Question

Serum iron (mmol/L) was measure in 60 healthy adults. The sample mean serum iron was 18.30 (mmol/L) with a sample standard deviation of 4.66 (mmol/L) a. Based on these data estimate the population mean serum iron level in healthy adults. b. Based on these data estimate the standard error of the sample mean.

Answer 1

To estimate the population mean serum iron level, use a confidence interval with the sample mean and standard deviation. The population mean is estimated to be between 15.44 and 21.16 (mmol/L). The standard error of the sample mean is 0.60 (mmol/L).

Step-by-step explanation:

To estimate the population mean serum iron level in healthy adults based on the sample mean and standard deviation, we can use a confidence interval. We'll assume that the distribution of serum iron levels is approximately normal.
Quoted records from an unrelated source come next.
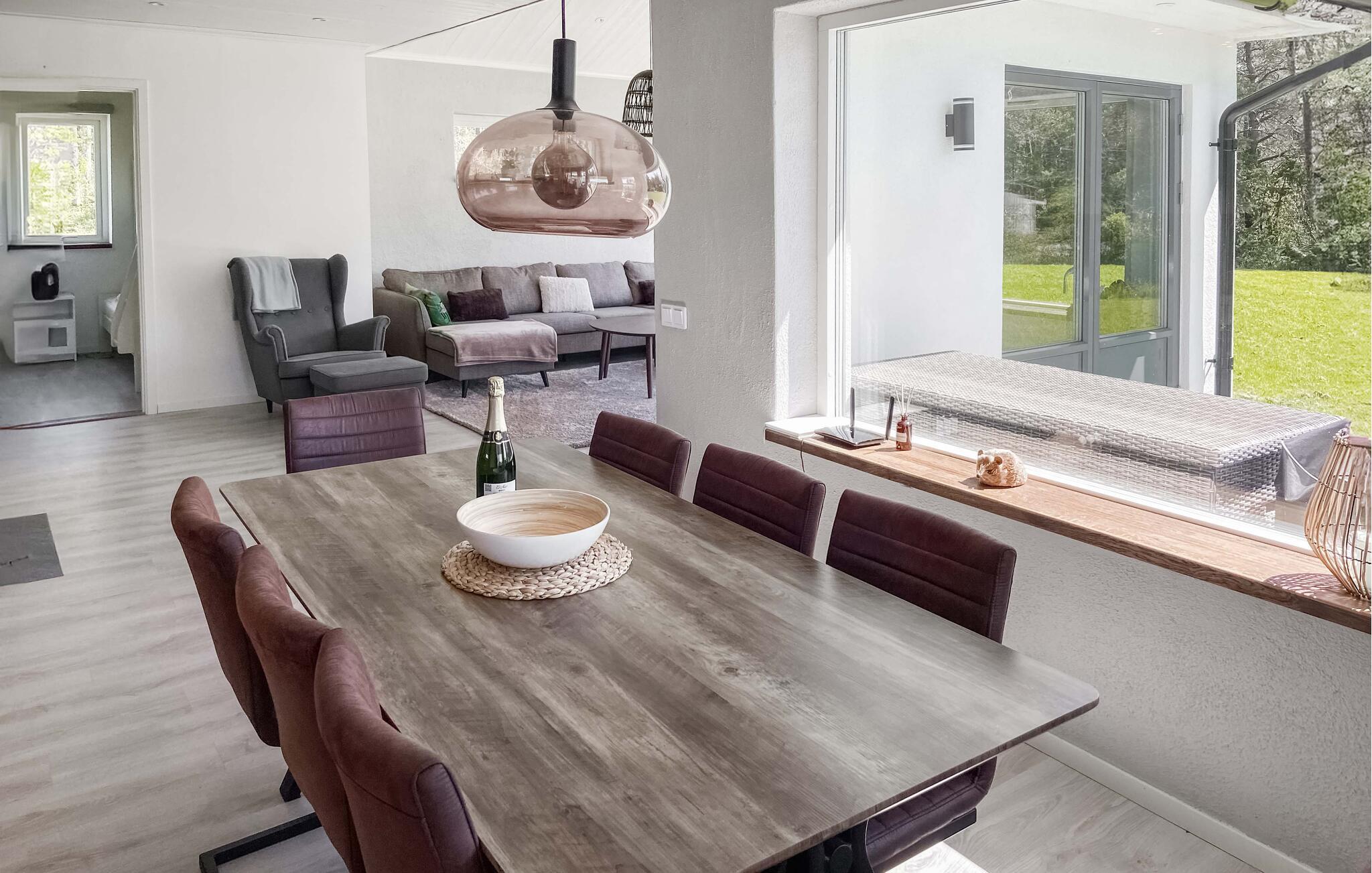 Detta vackra semesterhus väntar på dig i ett idylliskt läge i utkanten av skogen och är mycket lämpligt för en familjesemester. Den moderna inredningen ser till att du kan koppla av här i en elegant miljö och erbjuder några speciella extrafunktioner, till exempel vinkylen, som håller rosévinet kallt under varma sommardagar. Efter en händelserik dag kan du göra det bekvämt för dig i vardagsrummet, lyssna på det mysiga knastret från lågorna i den öppna spisen och göra upp planer för nästa dag.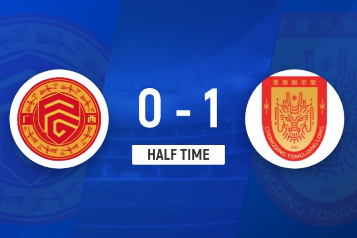 上半场比赛结束,广西平果0-1重庆铜梁龙。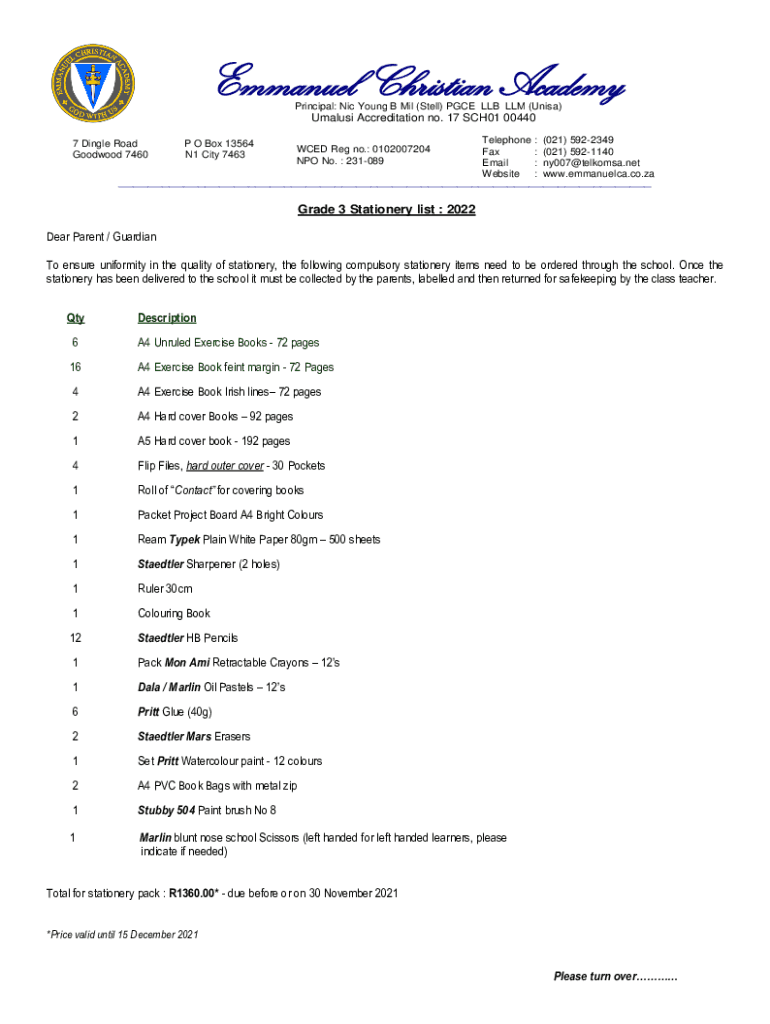 Emmanuel Christian Academy Principal: NIC Young B Mil (Still) PGCE LLB ELM (UNIMA)Males Accreditation no. 17 SCH01 00440 7 Dingle Road Good wood 7460P O Box 13564 N1 City 7463WCED Reg no.: 0102007204
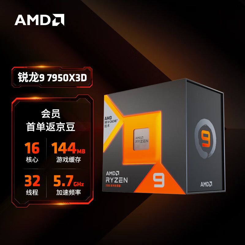 AMD 锐龙9 7950x3D游戏处理器(r9)16核32线程 144MB游戏缓存 加速频率至高5.7GHz 盒装CPU价格:3999.00元!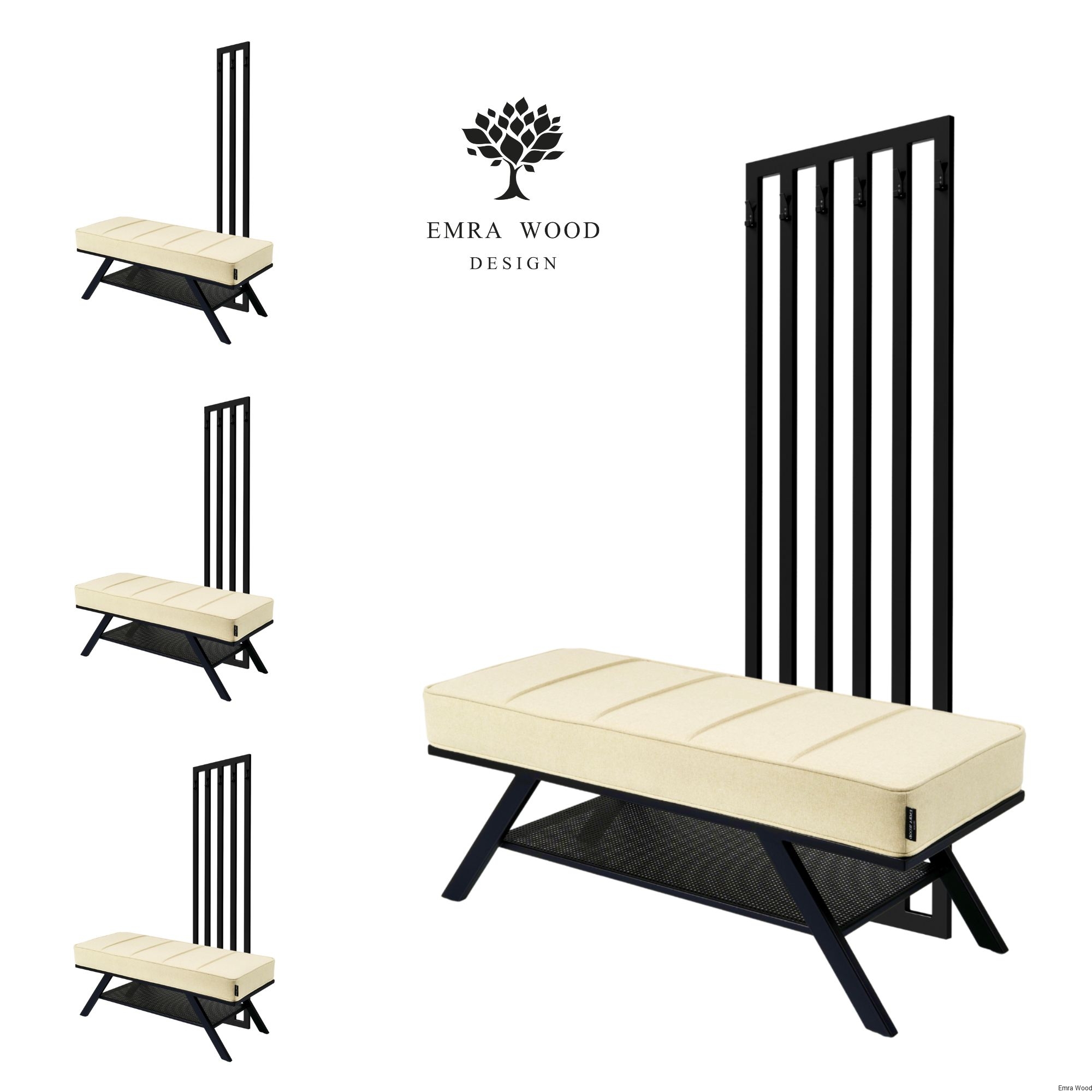 Ławka Z Wieszakiem Model LGM-398 / Tkanina Hamilton 2802 / Stelaż Stal Czarna / Produkowana w rozmiarach od 50 cm do 200 cm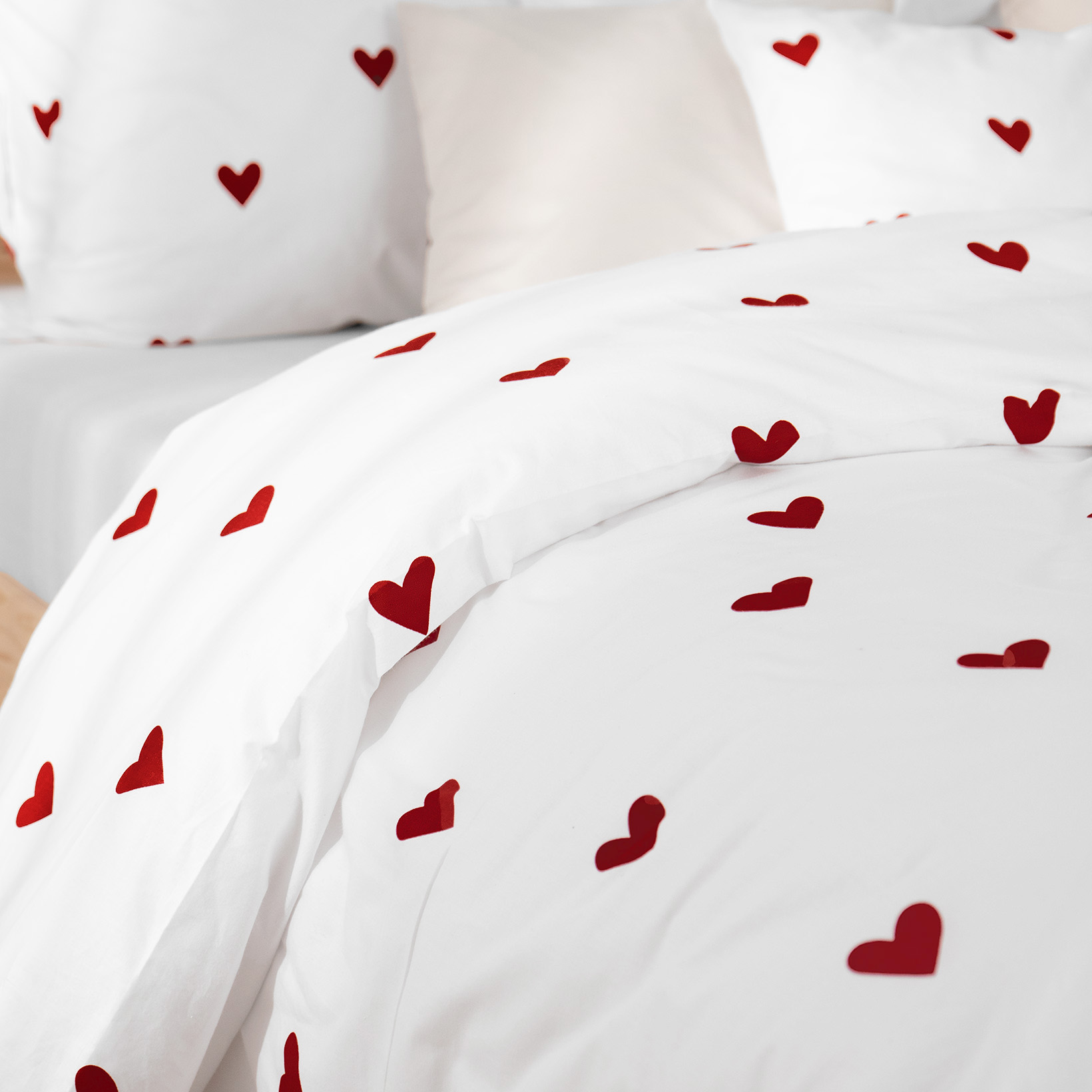 Die Liebe liegt in der Luft, und bald könnte sie auch in Ihrem Schlafzimmer sein! Verlieben Sie sich in das romantische Motiv rote Herzchen auf weißem Hintergrund und schaffen Sie eine harmonische Atmosphäre in Ihrem Schlafzimmer.

A 95% confidence interval can be calculated using the formula:

CI = sample mean +/- (critical value * (sample standard deviation / square root of sample size))

For a 90% confidence interval, the critical value is 1.645.

So, the population mean serum iron level is estimated to be between 15.44 (18.30 - (1.645 * (4.66 / square root of 60))) and 21.16 (18.30 + (1.645 * (4.66 / square root of 60))).

To estimate the standard error of the sample mean, we divide the sample standard deviation by the square root of the sample size:

Standard error = sample standard deviation / square root of sample size

Therefore, the standard error of the sample mean is 0.60 (4.66 / square root of 60).